Tech Week

10/31/2025

Tech Week
Tech Week

Big Tech Delivers on Earnings, Doubles Down on AI

Five of the “Magnificent Seven” reported this week, revealing strong cloud demand, rising capital expenditures on AI, and diverging investor reactions.

All five beat revenue expectations, and only Meta missed on profits due to a one-off tax expense.

Companies highlighted soaring costs as they race to invest in artificial intelligence and data centers. Goldman Sachs estimates AI infrastructure spending could hit $4 trillion by 2030.

Holiday Momentum Buys Time on AI

Apple reassured investors with a bullish holiday forecast and strong demand for its iPhone lineup, despite supply constraints and a delayed China launch.

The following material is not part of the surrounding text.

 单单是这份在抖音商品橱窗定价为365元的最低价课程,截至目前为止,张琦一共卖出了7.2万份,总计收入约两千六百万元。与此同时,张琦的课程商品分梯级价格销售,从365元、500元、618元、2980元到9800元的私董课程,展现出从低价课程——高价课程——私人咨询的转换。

CEO Tim Cook signaled confidence in returning to growth in China and flagged progress on AI upgrades, including a major Siri overhaul expected next year.

Apple’s AI rollout lags rivals, and it’s been cautious in its spending plans. So far, that restraint hasn’t hurt performance.

Capex Raises Eyebrows

Microsoft’s taking the opposite approach, leaning fully into AI.

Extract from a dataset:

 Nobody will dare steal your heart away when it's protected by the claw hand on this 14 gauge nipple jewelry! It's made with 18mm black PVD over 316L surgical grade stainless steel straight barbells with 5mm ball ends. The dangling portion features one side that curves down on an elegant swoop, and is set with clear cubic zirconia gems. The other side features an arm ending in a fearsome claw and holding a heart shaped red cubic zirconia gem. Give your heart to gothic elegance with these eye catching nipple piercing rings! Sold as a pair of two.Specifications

Microsoft beat all expectations, but its $35 billion quarterly capex, nearly 80% of operating cash, and a $3.1 billion hit from its OpenAI stake raised investor concerns.

Growth in cloud business Azure jumped 40%, and Microsoft’s partnership with OpenAI — the creator of ChatGPT — continues to deepen.

Investors are watching whether Microsoft’s AI spending translates into durable returns.

Soaring on AI and Cloud Momentum

Amazon posted its strongest growth in AWS cloud business since 2022, sending shares up as much as 12% on the earnings day.

CEO Andy Jassy said demand for AI and infrastructure is “stronger than ever”.

Amazon is also spending huge amounts on AI and its capex hit nearly 90% of operating cash last quarter. But the earnings suggested its investments are starting to pay off.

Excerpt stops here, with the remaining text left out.